*** Block opens ***

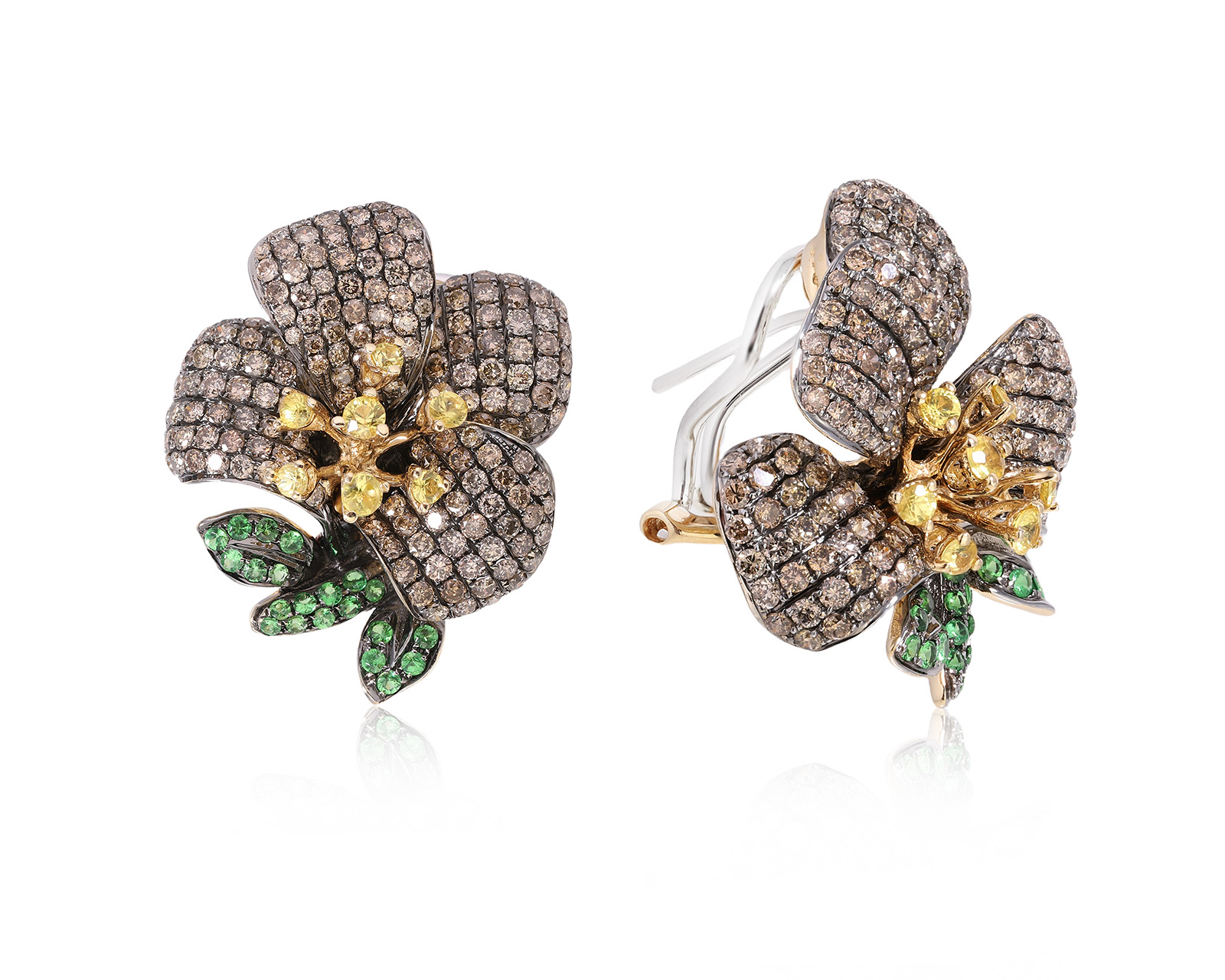 Золотые серьги с бриллиантами 3.35ct и тсаворитами 0.84ct
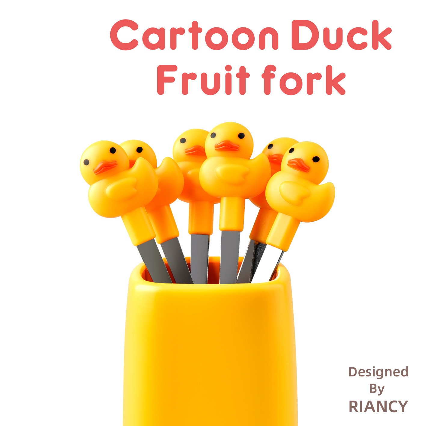 国境を越えたアニメのアイデアrb706達客鴨果物フォークセットステンレスケーキフォーク小黄鴨家庭用サイン
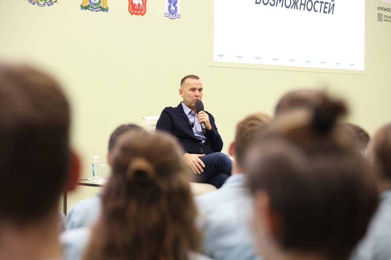 Губернатор Курганской области Вадим Шумков встретился с молодежью, в частности и молодёжной делегацией из Краснодона, которая принимает участие в форуме Уральского федерального округа «УТРО». Обсуждались вопросы дальнейшего сотрудничества и шефской поддержки. В течение полутора часов Глава Курганской области отвечал на их вопросы.
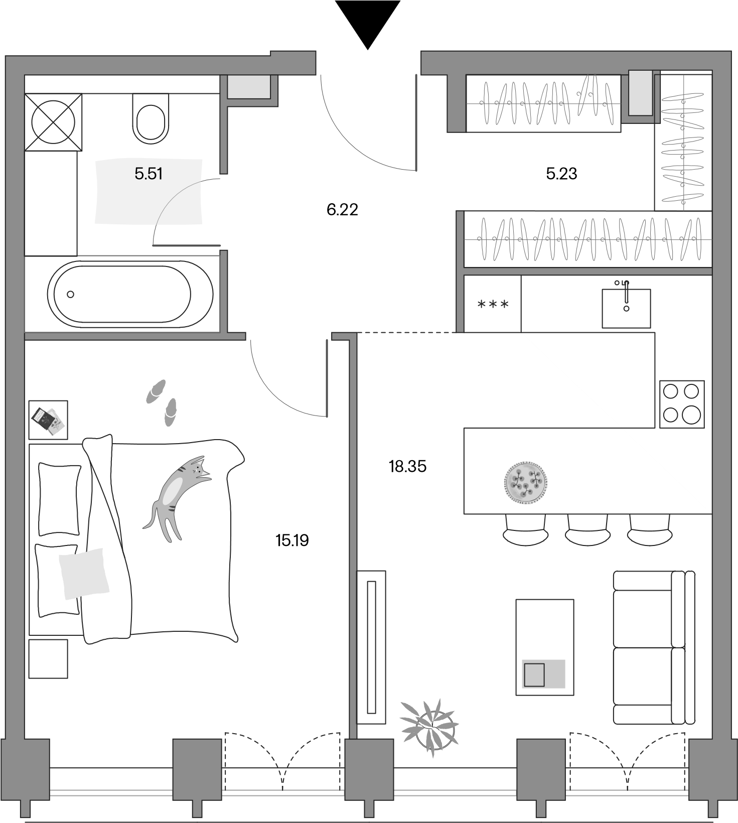 Вы можете купить сразу или в ипотеку в онлайн, этот объект под номером 4.2-2-4 на 2 этаже с отделкой, 2-комнатная квартира. Сдача объекта застройщиком планируется 2 кв 2022 г. Известно, что высота потолков начинается от 3.00.
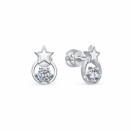Серьги с фианитом родированные серебро 925*
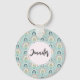 A key chain with an adorable pattern. Colorful rainbows in a pink, blue and green color scheme.
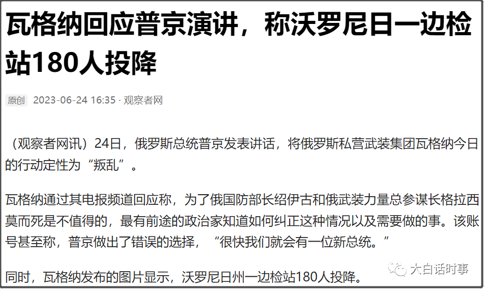结果,一觉醒来就吃了瓦格纳的大瓜,只能说地球大区优秀的匹配机制,论整活还得看大毛和二毛,实乃卧龙凤雏。强调一下,现在局势千变万化,谁也不敢说一定会怎么样,我也只能帮大家梳理一下纷乱的信息。首先,可以排除所谓演双簧的可能性,因为没人会在可能动摇国本的事情上,去搞这种双簧,负面影响太大了。普京已经发表电视讲话,将瓦格纳今天的行动定性为“叛乱”。普京称:“我们将保卫我们的国家免受内部叛乱之害”。而瓦格纳通过其电报频道回应称,普京做出了错误的选择,“很快我们就会有一位新总统。” 当然,我们这里还是不要把瓦格纳当做一个整体,毕竟武装叛乱这样的事情,不可能在这样一个有数万人规模的团体里,达成完全一致性,有人同意,也肯定有人反对。这里主要可以确定的是,瓦格纳负责人“普里戈任”是确实进行了武装叛乱,并且有一定规模的人支持他进行这样的武装叛乱,具体有多少,目前还不得而知。先来对这件事情的来龙去脉做一个分析,毕竟大家如果不是长期关注俄乌局势,可能对瓦格纳为何会叛乱,不太清楚。先来说说这次发动武装叛乱的瓦格纳负责人“普里戈任”。普里戈任是1961年出生,1981年在20岁的时候,就因为抢劫、偷窃、诈骗等罪名入狱。在1990年提前获释后,普里戈任上大学,兼职卖热狗,开始自己的“餐饮”之路。1996年,普里戈任在圣彼得堡市开了家高档餐厅,开始组建“餐饮”帝国。普京曾经在普里戈任的餐厅接待来访的法国总统希洛克和美国总统小布什。这也很正常,瓦格纳这样的私人武装,普京也不可能交到一个他不信任的人身上。本来普里戈任的主要业务就是集中在餐饮、建筑、媒体上,并无明面上公开涉足私人武装。而瓦格纳是2014年正式创立,一开始的创始人乌特金中校,但人们普遍认为乌特金跟普里戈任关系密切。一直到2022年9月26日,普里戈任才承认瓦格纳是他的私人产业。瓦格纳虽然是私人武装集团,明面上跟俄罗斯正规军没关系。但从2014年至今,瓦格纳参与了俄罗斯在叙利亚、乌克兰的军事行动,也在非洲参与保护油田和输油管道等行动。所以,基本也可以认为,瓦格纳是受俄罗斯实际控制的私人武装集团。特别是在俄乌冲突爆发后,瓦格纳在俄乌战场上参与程度越来越深,瓦格纳的规模也越来越大,从一开始数千人,扩张到数万人的规模。瓦格纳早期骨干人员,是俄罗斯一些退伍军人,训练有素。2008年-2012年,俄罗斯军改,取消14.2万准尉编制,军官数量从33.5万人减至15万人。在俄乌冲突爆发后,瓦格纳则从监狱里招募囚犯,通过高薪吸引这些囚犯,并给他们戴罪立功的机会。2023年1月,普里戈任说第一批上前线的囚犯已完成半年期合同,成为自由身。不过,2023年2月9日,瓦格纳招募囚犯就被叫停。在今年3月18日普里戈津表示,瓦格纳目前每天招募数百名新兵,计划在5月中旬前招募到3万名新兵。瓦格纳并不是只从囚犯里招募,事实上,也有大量退伍军人选择进入瓦格纳。在俄罗斯进行部分动员的情况下,一些人就抱着,反正都要上战场,不如选择更高薪的瓦格纳。从瓦格纳展现出来的战斗素养和战斗力,并不是只有“悍不畏死”。总的来说,瓦格纳主要是由两部分人员组成,退伍军人和囚犯。而退伍军人构成瓦格纳的骨干,确保了整体作战的军事素养。再加上高薪和高额抚恤金刺激下,让瓦格纳整体的作战风格十分彪悍,一些正规军都不敢顶上去的地方,就得靠瓦格纳顶上。比如,前段时间一直是俄乌战场焦点的“巴赫穆特战役”。巴赫穆特本来只是一个小镇,但经过乌克兰8年不断加筑防御工事,已经打造成一个防御暴雷。而且巴赫穆特是一个重要的交通枢纽,自然就成为双方争夺的焦点。今年随着双方在巴赫穆特投入兵力越来越多,巴赫穆特也成为了绞肉机战场,整个小镇也是打成一片废墟。而且巴赫穆特在成为各方注视焦点,除了战场以外,还多了政治因素,让乌克兰不得不进行各种添油战术。而瓦格纳就是俄罗斯进攻巴赫穆特的主力,正规军更多是给瓦格纳炮火支援,但最激烈、也是最残酷的巷战、攻坚战,则主要靠瓦格纳完成。最终,到了一个月前,经过八个月血战,俄罗斯才宣布拿下巴赫穆特,并将其改名为原来名字“阿尔乔莫夫斯克”。这是因为乌克兰在2016年“去俄化”浪潮中,“阿尔乔莫夫斯克”才被乌克兰改名为巴赫穆特。因为瓦格纳在俄乌战场上,屡立战功,表现十分亮眼,也显得俄罗斯正规军打得比较一般。但偏偏瓦格纳是私人武装,名义上还不是俄罗斯正规军,这种反衬,势必会带来矛盾。更何况,瓦格纳薪资和抚恤金都远高于正规军,这种薪资不平衡,也是俄罗斯必须解决的问题。否则就会出现,兵源被瓦格纳不断分流,并且瓦格纳规模不断扩大,最终尾大不掉的局面。所以,基本从5月份开始,瓦格纳和俄罗斯正规军的矛盾,就不断激化。再加上,瓦格纳负责人“普里戈任”是一个口无遮拦的人,什么话都敢说。之前普里戈任就已经说过很多十分过激的话,不断炮轰俄罗斯正规军,特别是炮轰俄罗斯国防部长绍伊古。比如,5月初普里戈任就不断爆粗口,抱怨弹药短缺问题。普里戈任还数次怒骂绍伊古,指责其无能,指挥混乱,导致大量不必要伤亡发生。但普里戈任还能一直活蹦乱跳,这说明俄罗斯确实还比较需要瓦格纳。此外,因为普里戈任的人设一直是这种口无遮拦的风格,所以外界也普遍怀疑,他故意
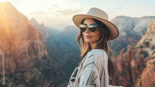 © HIRA STOCK, Naklejka premium Serene woman in hat and sunglasses enjoying breathtaking canyon vista during golden hour sunset in peaceful nature setting embodying travel and adventure
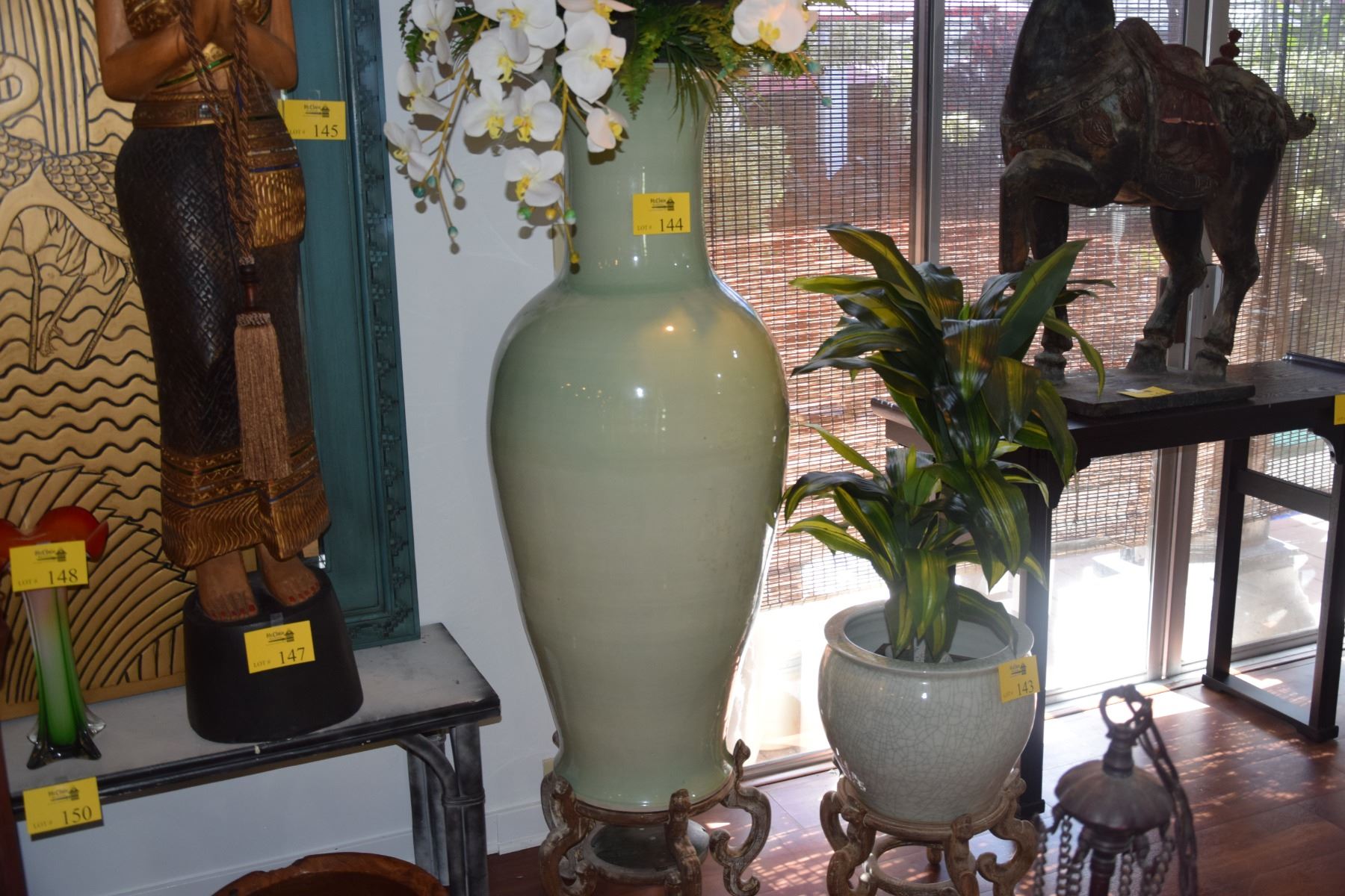 LARGE CERAMIC VASE W/FAUX PLANT & WOOD STAND (50" TALL)
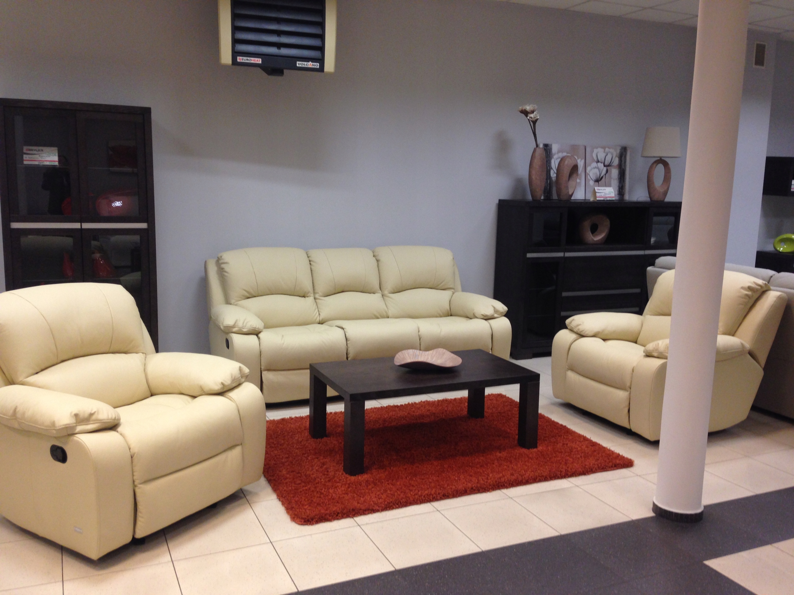 Меблі оббиті (екологічною) шкірою, також із зворотного боку, тому ви можете розмістити їх у будь-якому місці кімнати.

*** Block closes ***

ABOUT THIS TASK | Exactly restate the lines from the beginning of the data through the line with "A key chain", and no others, keeping pictures out.

EXERCISE OUTPUT |
 Золотые серьги с бриллиантами 3.35ct и тсаворитами 0.84ct
 国境を越えたアニメのアイデアrb706達客鴨果物フォークセットステンレスケーキフォーク小黄鴨家庭用サイン
 Губернатор Курганской области Вадим Шумков встретился с молодежью, в частности и молодёжной делегацией из Краснодона, которая принимает участие в форуме Уральского федерального округа «УТРО». Обсуждались вопросы дальнейшего сотрудничества и шефской поддержки. В течение полутора часов Глава Курганской области отвечал на их вопросы.
 Вы можете купить сразу или в ипотеку в онлайн, этот объект под номером 4.2-2-4 на 2 этаже с отделкой, 2-комнатная квартира. Сдача объекта застройщиком планируется 2 кв 2022 г. Известно, что высота потолков начинается от 3.00.
Серьги с фианитом родированные серебро 925*
 A key chain with an adorable pattern. Colorful rainbows in a pink, blue and green color scheme.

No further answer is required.